In the present study, we have demonstrated that in AA rats there is no direct relationship between the intensity of the neuroendocrine response to stress, as determined by plasma levels of corticosterone prior to inflammation, and the subsequent severity of inflammation. In fact, we have observed that the animals with a more robust corticosterone response after exposure to the LH test, which would be predicted by the hypothesis to have less inflammation, developed a more severe inflammation. Not only was the severity increased in the LH(-) group, but there was an earlier onset of inflammation which was apparent as early as day 10, when LH(+) animals showed no evidence of inflammation. The progress of inflammation in the LH(+) animals was identical to that in adjuvant-injected rats not exposed to the LH paradigm (data not shown). However, the increased severity of inflammation in the group which mounted the more robust response to stress is the opposite to that predicted by the hypothesis based on studies using different strains of inbred Lewis and Fischer rats [2, 5, 6]. A chronic deficiency in corticosterone secretion in the LH(-) rats cannot account for these results, since basal levels were not different between the LH(+) and the LH(-) groups.

The hypothesis that an attenuated neuroendocrine stress response increases susceptibility to inflammatory autoimmune disease has arisen mainly from observations relating the neuroendocrine response with susceptibility to inflammatory diseases in different inbred strains of animals, in particular the immature female Lewis vs Fischer strains [5, 18]. However, the relationship between the neuroendocrine response to stress and susceptibility to arthritis is less straightforward in adult rats. Both the type of stress and the strain of animal used appear to play a crucial role in susceptibility to disease. It has been reported that adult Lewis rats can perform poorly or similarly to the Fischer strain depending on the type of stressor [3, 1922]. We have shown that the CFY, Wistar and Sprague–Dawley strains can all mount robust neuroendocrine responses to either restraint or i.p. hypertonic saline administration, but the CFY strain is relatively resistant to AA whereas AA is readily induced in Wistar and Sprague–Dawley rats [23]. Furthermore, a very robust corticosterone response to stress does not protect the Piebald-Viral-Glaxo strain from AA [24], although it has been proposed that this robust response can protect this strain from EAE [25]. This discrepancy between the neuroendocrine response and susceptibility and/or severity has also been demonstrated in the Fischer rat. Both the conventional F344 and the germ-free (GF) F344 had equally robust corticosterone responses to interleukin-1{alpha} (IL-1{alpha}), yet the F344 rats were resistant to streptococcal cell wall-induced arthritis while the GF F344 rats were susceptible [26]. Within a single population of rats we have shown that despite a marked difference in corticosterone responsiveness to open field stress between the high and low emotive rats, there was no difference in the severity of inflammation when these animals went on to develop AA [8]. These data suggest that a robust HPA axis response to stress does not necessarily protect humans or rodents from the onset or severity of inflammatory disease.

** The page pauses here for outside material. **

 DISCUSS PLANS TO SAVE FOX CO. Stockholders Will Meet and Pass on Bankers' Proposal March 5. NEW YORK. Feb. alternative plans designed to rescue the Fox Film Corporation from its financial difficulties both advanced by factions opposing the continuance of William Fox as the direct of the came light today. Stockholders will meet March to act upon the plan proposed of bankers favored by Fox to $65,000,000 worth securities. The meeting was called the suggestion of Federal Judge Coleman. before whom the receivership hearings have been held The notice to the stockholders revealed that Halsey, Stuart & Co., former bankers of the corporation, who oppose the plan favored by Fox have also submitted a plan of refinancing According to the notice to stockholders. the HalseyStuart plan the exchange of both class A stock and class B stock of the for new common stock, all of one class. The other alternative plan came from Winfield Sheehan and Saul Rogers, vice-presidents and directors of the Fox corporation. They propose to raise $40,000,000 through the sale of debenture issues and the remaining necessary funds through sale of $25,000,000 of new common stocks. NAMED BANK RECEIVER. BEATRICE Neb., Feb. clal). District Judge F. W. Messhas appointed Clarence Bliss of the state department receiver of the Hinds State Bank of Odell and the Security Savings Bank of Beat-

The use of a single strain of rat separated into subpopulations on the basis of their behavioural response to the LH paradigm confers a number of advantages over previous studies using different strains of inbred animals. First, inbred strains of rat are defined by their genotypic uniformity. Comparison between strains is therefore hampered by the inherent difference between the strains. In contrast, the use of an outbred strain guarantees genotypic heterogeneity and is much closer to the human condition than comparison between inbred strains. Second, a large body of evidence has accumulated comparing structure and function in subpopulations of outbred strains such as the Wistar in response to stress, behavioural challenges, in response to immune challenges, etc. Comparable data are lacking for inbred strains. This evidence is likely to prove invaluable to an understanding of the mechanisms modulating individual differences in susceptibility to disease. Understanding these differences will lead ultimately to methods of prevention and/or control. Differences between subpopulations of an outbred (Wistar) strain of rat have been exploited to determine susceptibility to inflammatory and infectious disease [27, 28]. Study of the mechanisms underlying behavioural differences in individuals within subpopulations will help to elucidate the complex interactions linking behavioural and neuroendocrine responses to individual susceptibility to autoimmune disease.

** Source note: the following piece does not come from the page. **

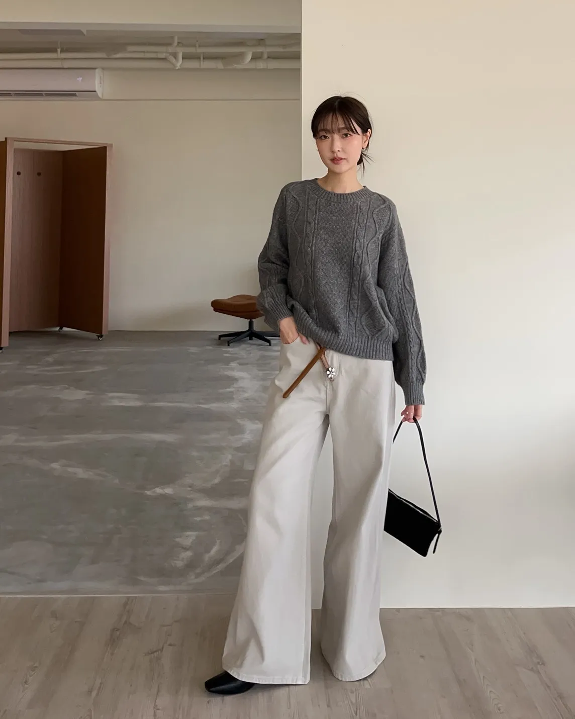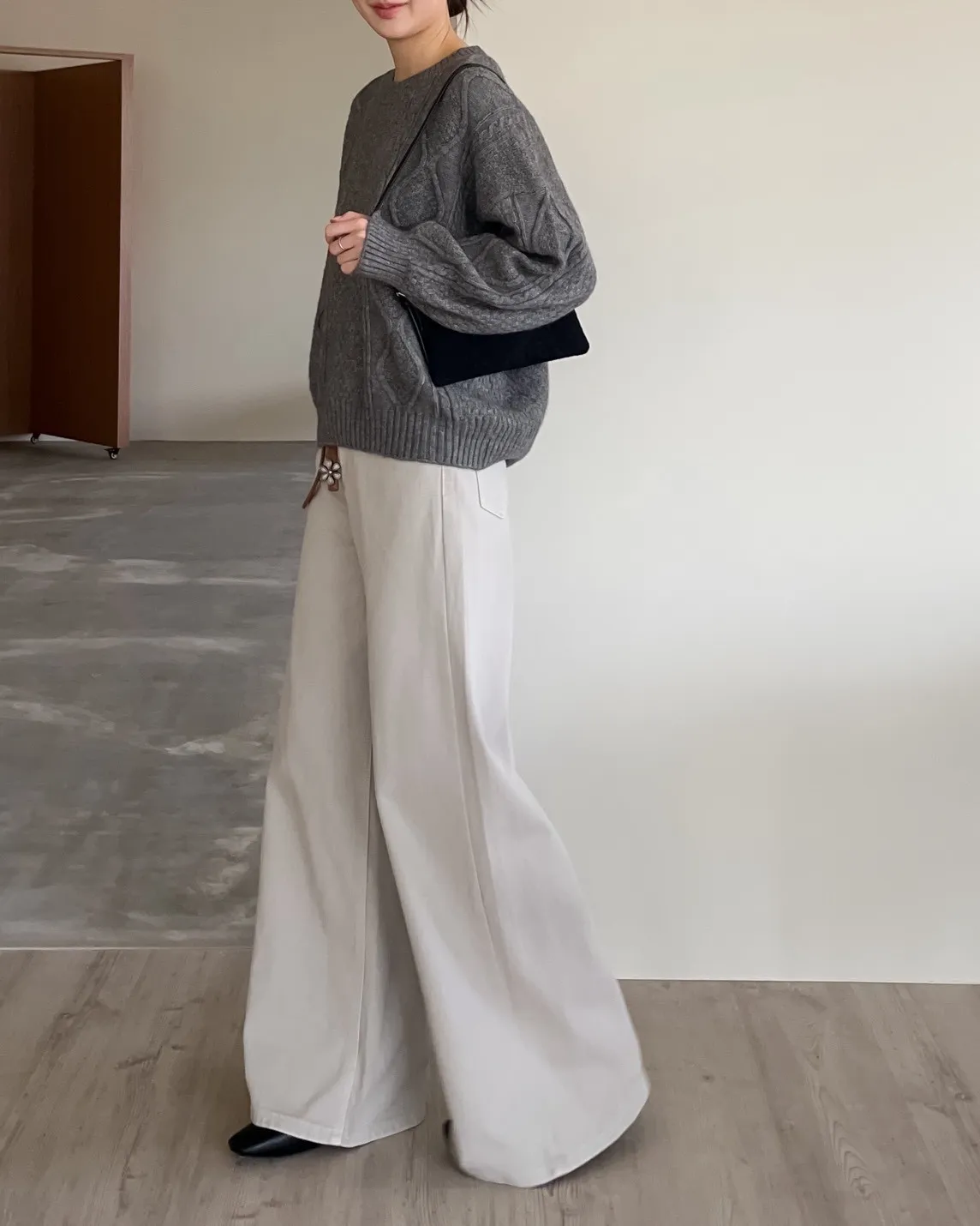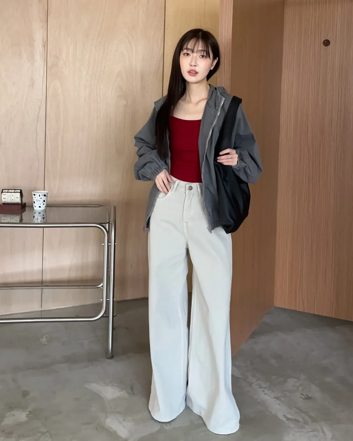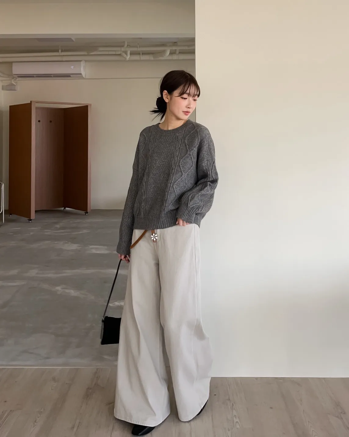W0017奶咖色系水洗寬管落地長褲(杏/咖啡)

It has been previously proposed that endogenous glucocorticoids might play an important role in the acquisition of LH behaviour. Adrenalectomy increased the percentage of rats becoming learned helpless, while corticosterone replacement reversed the behavioural deficits, suggesting that a dysregulation in the HPA axis might be involved in LH behaviour [13]. The present data support this view, as the lower corticosterone response to stress was associated with LH(+) behaviour. It is possible that the increased corticosterone secretion seen in the LH(-) animals in response to the LH test may have been driven by the trend towards increased CRF mRNA levels seen in the PVN in the non-AA rats. It is of interest to note that in view of the recognition that the LH model is considered to be an animal model of depression, that the reduced response to stress in terms of corticosterone secretion observed in the LH(+) rats is consistent with the attenuated ACTH and cortisol secretion seen in depressed patients in response to both stressors of the HPA axis and administration of CRF [29]. The latter phenomenon may be due to negative feedback by the chronically elevated blood levels of cortisol in human depression. Basal corticosterone levels were slightly higher in the LH(+) rats, although not significantly so, which might account for their poorer response to footshock stress compared with the LH(-) group. Thus, our findings support the view that the LH model shares neuroendocrinological similarities with human depression.

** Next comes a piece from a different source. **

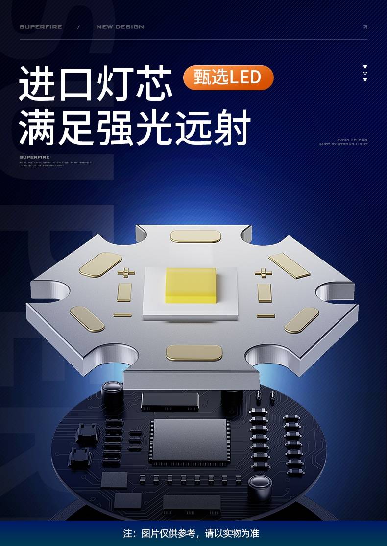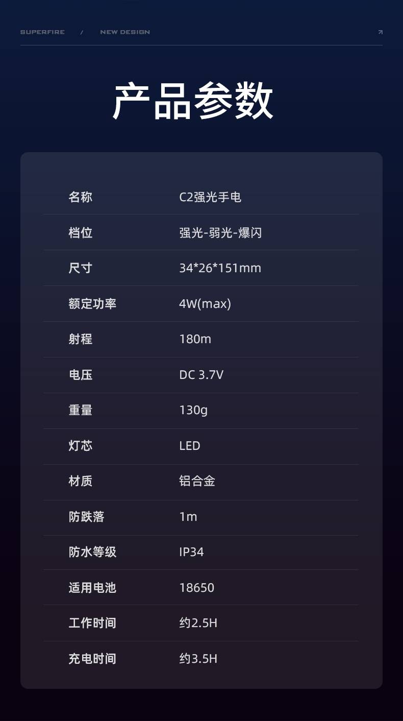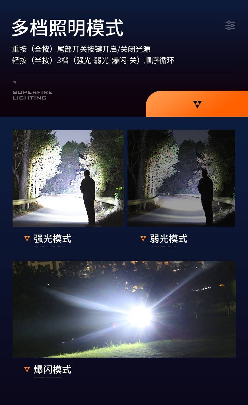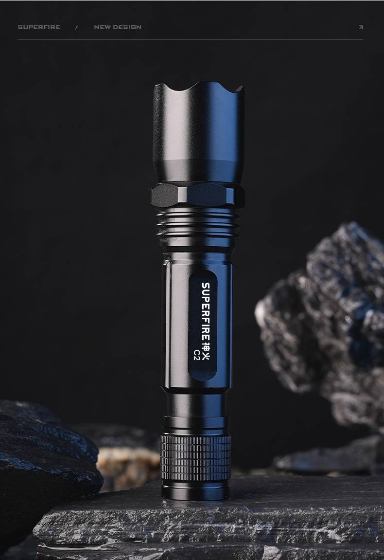 1、千米远射,射程更远,光斑更聚焦。 2、进口灯珠,亮度高,照明效果更好。 3、前后双按键,光源一键点亮,高亮瞬间开启。

Glucocorticoids are able to alter the T-helper cell function from a Th1 to a Th2 profile. Elevated corticosterone would therefore act to suppress the Th1 response mediating AA. The timing of the LH stress in relation to the injection of the adjuvant may therefore be important. We chose the 4 h time point as we, and others, have consistently demonstrated plasma corticosterone concentrations returning to baseline 1–2 h after onset of acute stress. It should be noted that the intradermal injection of the adjuvant is inherently stressful but this increase in plasma corticosterone does not affect inflammation.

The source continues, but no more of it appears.